Pro-Forma Disclosure
The Company applies APB No. 25 and related interpretations in accounting for
options under the 1989 and 1998 Plans. Accordingly, stock compensation has
been recognized for the amortized intrinsic value of stock option grants. Had
the stock option compensation expense for the Company's stock option plans
been determined based on the fair value at the grant dates for options granted
in 1999, 1998, and 1997, consistent with the fair value methods of SFAS No.
123, the Company's net income and earnings per share amounts would have been
reduced to these pro-forma amounts.
1999 1998 1997
------ ------ -----
(Net income in
thousands)
Net income as reported.................................. $1,154 $1,193 $ 363
Net income pro forma.................................... $ 911 $1,068 $ 357
Earnings per common share, basic as reported............ $ 0.32 $ 0.45 $0.18
Earnings per common share, basic pro forma.............. $ 0.26 $ 0.40 $0.18
Earnings per common share, diluted as reported.......... $ 0.32 $ 0.43 $0.17
Earnings per common share, diluted pro forma............ $ 0.25 $ 0.39 $0.17
The fair value of each option is estimated on the date of grant under the
Black-Scholes option-pricing model using the following assumptions:
1999 1998 1997
------- ------- -------
Risk-free interest rate........................... 6.00% 5.50% 6.20%
Expected life..................................... 5 years 5 years 5 years
Expected dividend yield........................... 0% 0% 0%
Volatility........................................ 84% 126% 0%
Warrants
In 1991, the Company issued 29,518 warrants to an officer.

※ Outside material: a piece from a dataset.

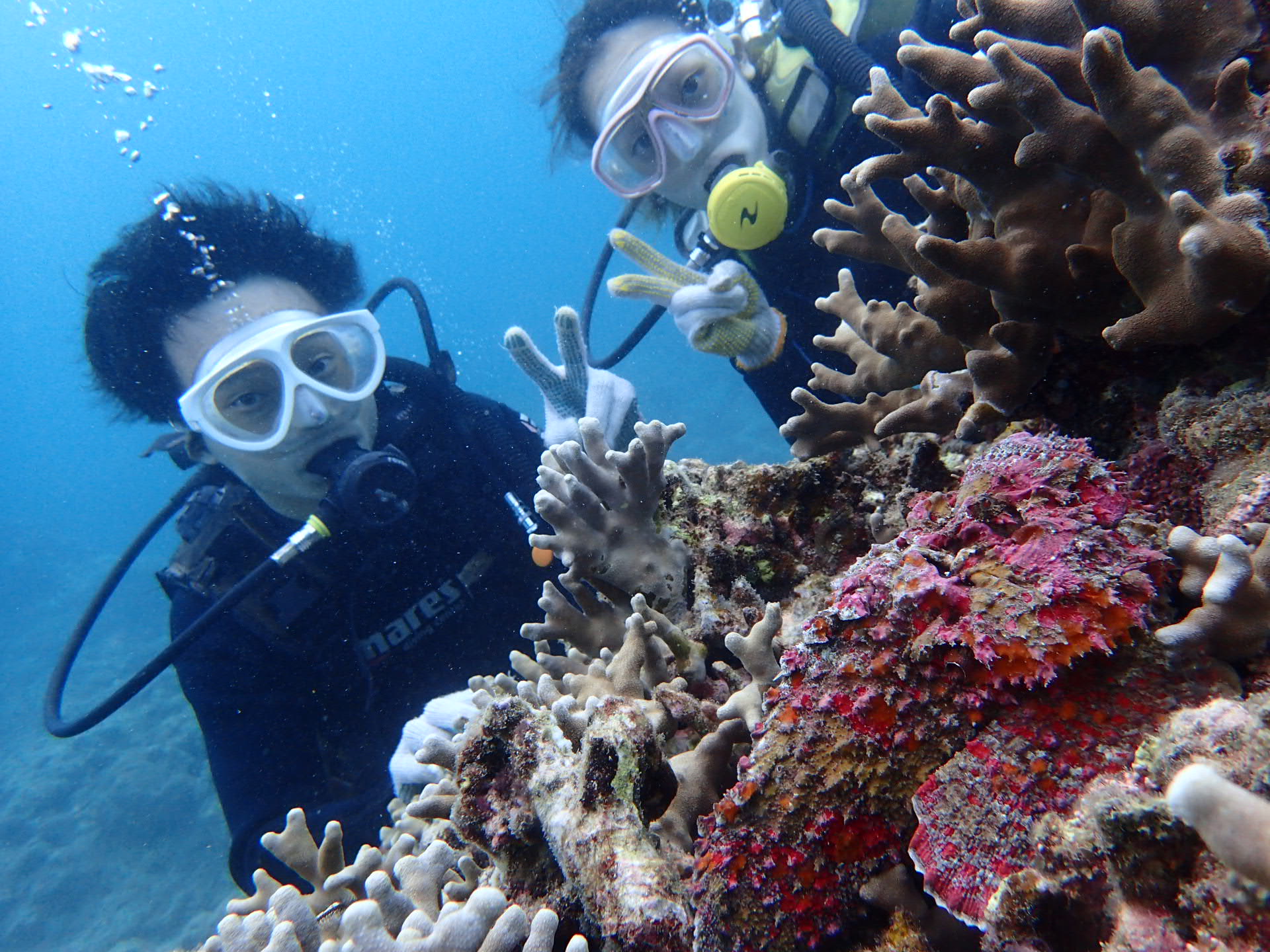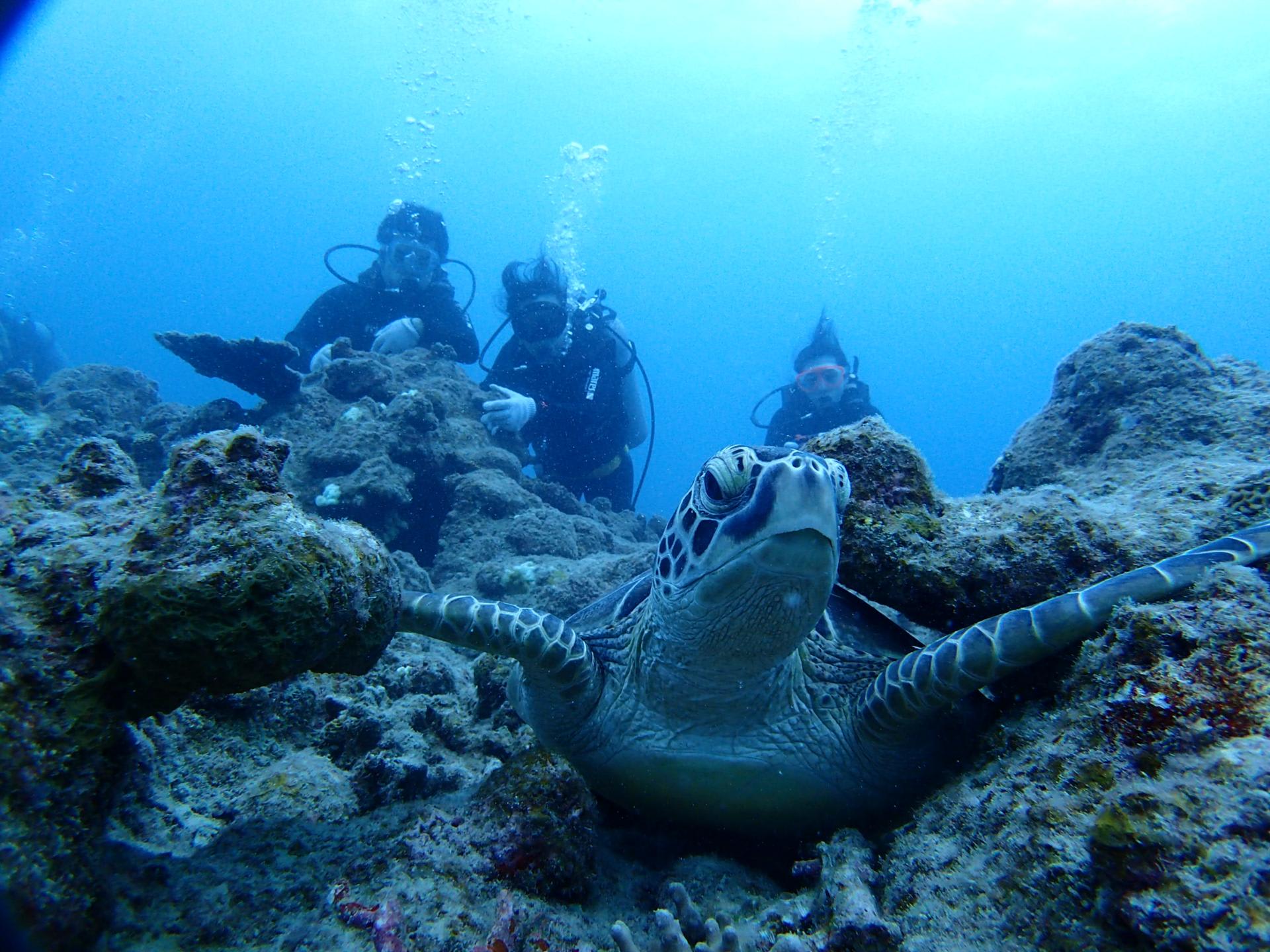 コンディション:南から東、北の風 気温30℃ 水温28℃ 透明度~20m
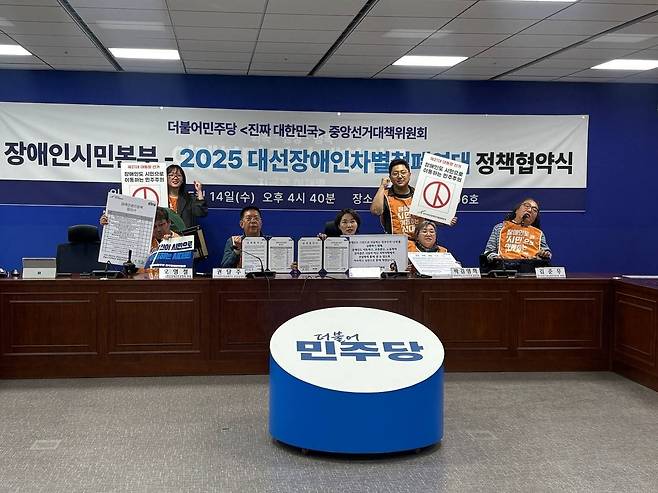 | ▲ 전국장애인차별철폐연대?전국탈시설장애인연대 등 장애인 단체들로 구성된 2025대선장애인차별철폐연대는 지난 14일 더불어민주당 중앙선거대책위원회 장애인시민본부와 정책협약을 체결했다. |

The warrants
grant the holder the right to purchase 29,518 shares of the Company's common
stock at a per-share price of $2.37. The warrants are currently exercisable
and expire in 2001.
Common Stock Reserved
Common stock reserved for future issuance at December 26, 1999 is as
follows:
Stock options...................................................... 815,403
Warrants........................................................... 306,518
---------
1,121,921
=========
On February 23, 1999, the Company's Board of Directors declared a dividend
distribution of preferred share purchase rights (the "Rights") pursuant to a
Shareholder Rights Plan. The Rights initially trade with shares of
35
COST-U-LESS, INC.
NOTES TO CONSOLIDATED FINANCIAL STATEMENTS--(Continued)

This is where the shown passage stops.